Saturday, October 24, 2020

Puerto Rico: The US Constitution Does Not Apply

I know, technically speaking it does. Unfortunately, there is this thing called the Puerto Rican legal system that stands in the way of the US Constitution being enforced. Puerto Rico has this strange legal system where they have their own local, appellate and Puerto Rico Supreme Court. The Puerto Rico Supreme Court puts to shame the most liberal, Federal Appellate courts in the United States.

I can't give a specific example of how much of a clown show the Puerto Rico Supreme Court is. I just know what laws are currently in place in Puerto Rico which are clearly unconstitutional, that affect me personally.

Keep in mind that all the proceedings are in Spanish which only lowers the interest of outside observers who do not know Spanish fluently.

So, if you are like me and have some claims of violations of your First and Second Amendment rights, what are your options?
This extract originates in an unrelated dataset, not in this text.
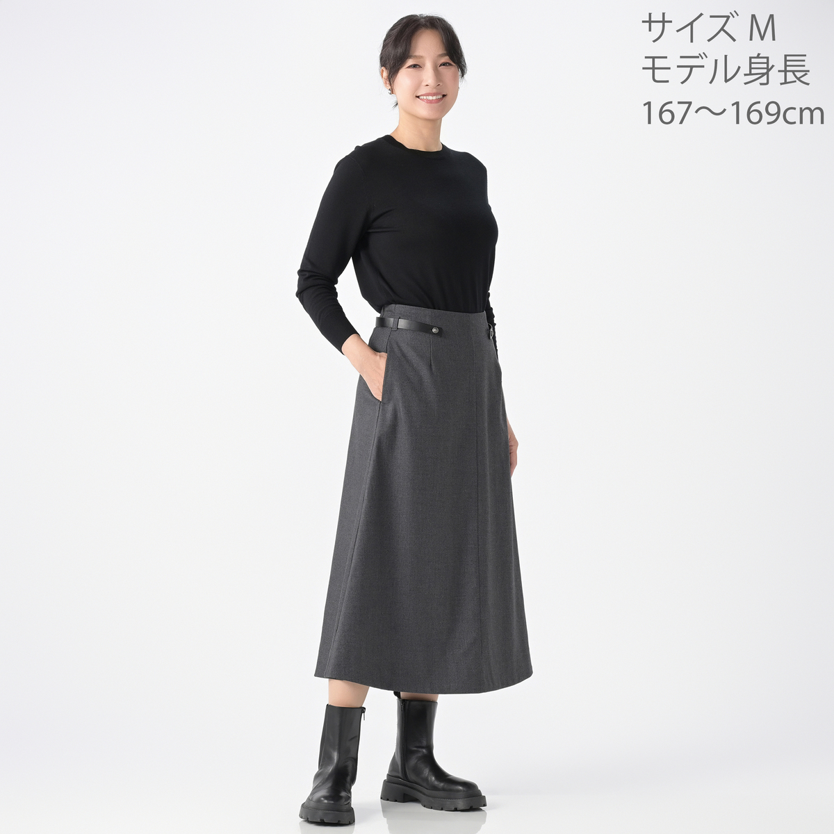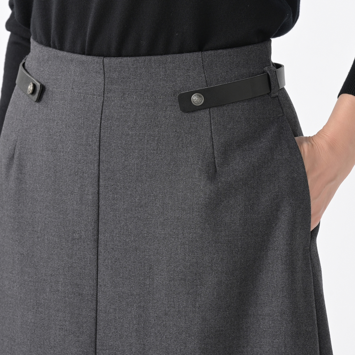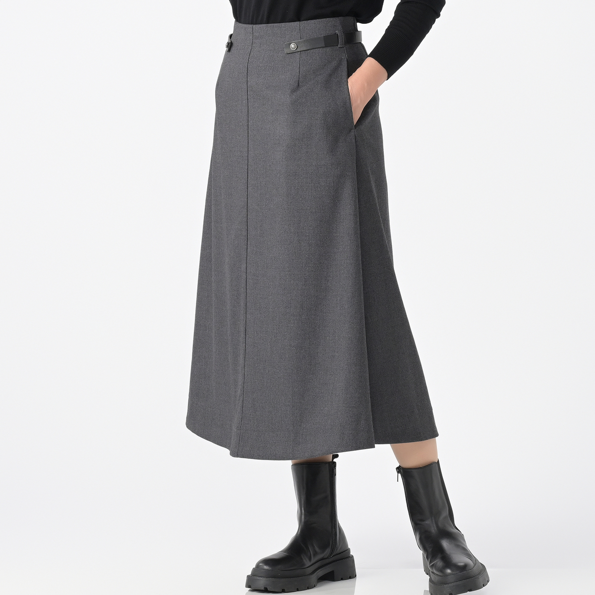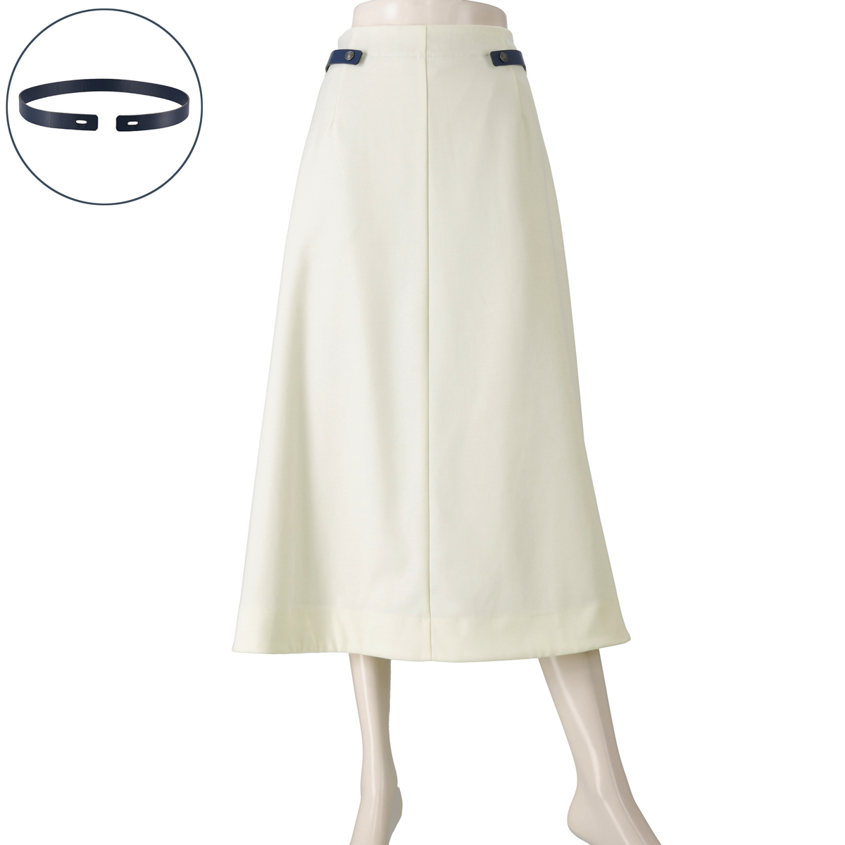 フェイクレザーのベルトがアクセントになったフレアスカート。暖かみのある布帛素材に、自然なストレッチ性を備え、快適な穿き心地を叶えます。計算されたフレア分量が、美しいシルエットを演出します

I have to literally go all the way to the Puerto Rico Supreme Court, that I already know due to case law will shoot me down, and then HOPE that the US Supreme Court will consider my case.
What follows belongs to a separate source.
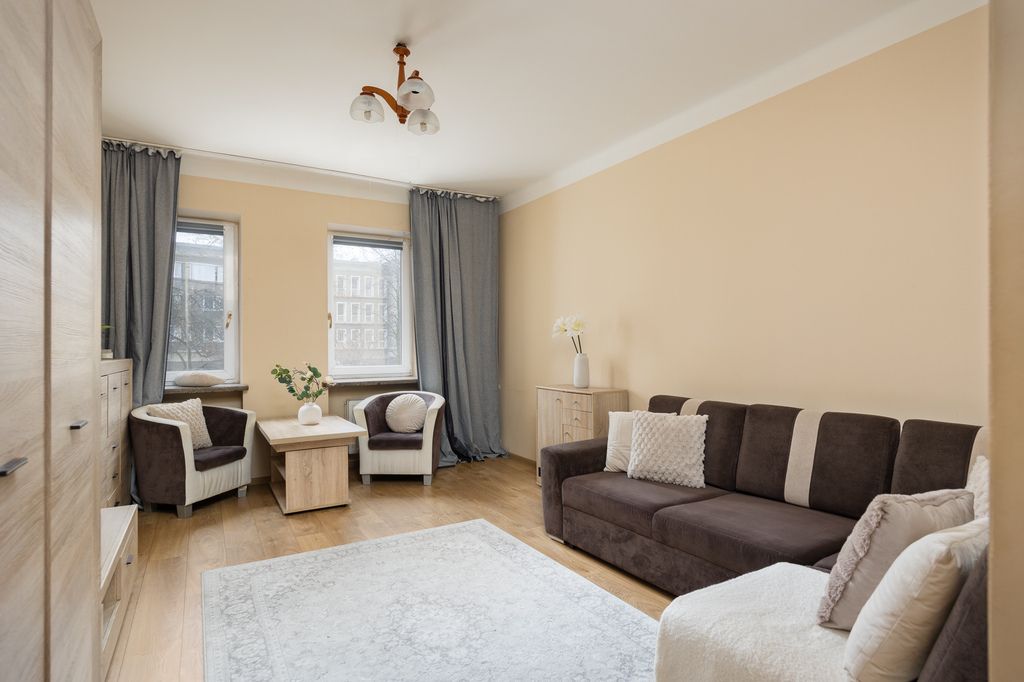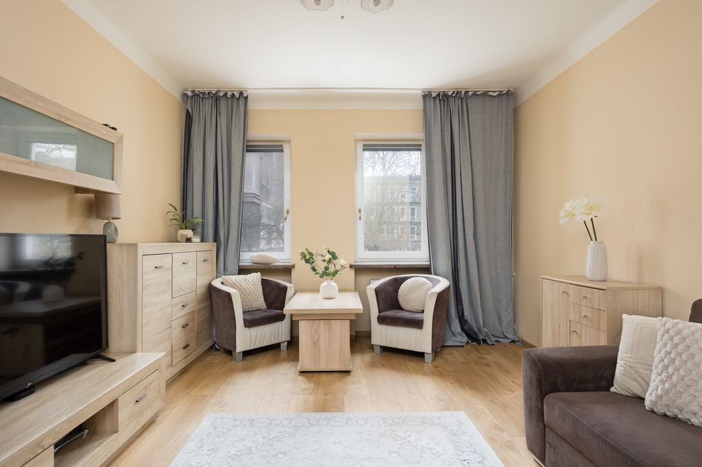 Dwupokojowe mieszkanie na warszawskiej Pradze-Północ położone na pierwszym piętrze trzypiętrowego budynku z 1956 roku przy ul. Szanajców 8.

And what is the likelihood that will happen?

Basically none.

At least on the issue of the 2nd Amendment case, we already know the Supreme Court regularly refuses to hear cases that could cause a national precedent and cause States to rebel. It is de-facto rule by the Appellate courts. In the case of Puerto Rico, it is de-facto rule by the Puerto Rico Supreme Court.


My only comfort is knowing that at any time I could hop on a plane and get all my 2nd Amendment rights once again. I am choosing to stay primarily for the tax benefits which are only possible because of the same family of "exceptions" I am bitching about.

Puerto Rico is one bizarre-o world of corruption and loopholes (thanks to its Territorial status).

I will actually be a little relieved to leave the island if they take away my tax benefits or do something so egregious to me that the tax benefits aren't even worth it. 

I'm anticipating on leaving anyway in about 8 years to start my Idaho homestead, but I'm not going to hide my absolute disgust at the state of Puerto Rico out of fear they revoke the tax benefits they are giving me which is the only reason why I'm staying.

I suppose it will suck for my children who will lose visitation with their father, because there is no way I'm going to stay on the island should they remove the monetary incentive for me to stay there.

But, in the end, it will be for the better because I will be able to prepare their way in advance on the Idaho homestead prior to 2033. It will be the fault of my ex for choosing to remain on that shit-hole of an island and alienate the kids from me simply because of her hatred. The children can find me after they are free of her control.

At a certain point, no amount of more saved money will help beyond 2033, and I'm better off focusing on building community. I say 8 years from now for timing issues on some long term investments, but if my short term gambles pay off, I may decide to leave much earlier. I already have a number in mind to hit when I finally decide to bail.

I was thinking that I am suffering on the island for my children's sake (so that they can have the inheritance of the tax savings), but there always reaches a point of diminishing returns.

Meaning, if I take a 30%-50% hit in taxes, but it allows me to start focusing on investing in Idaho years in advance, that may be worth the "fiat" loss.

The other view could be that I take all the tax savings and convert them into Silver or Gold, for which my children will be able to benefit post 2033.

Lots of unknown unknowns, but I still have lots of time. Coronavirus has really hurt all my investments, and abandoning my still, very young children to the whims of a foolish woman will be something I will have to weigh very heavily. The potential upside would have to be quite significant.

1 comment:

  1. Your story is simply fascinating! Notably the 2033 timeline which I also have accepted as inevitable (given over/under of ~2 years). I wish you well.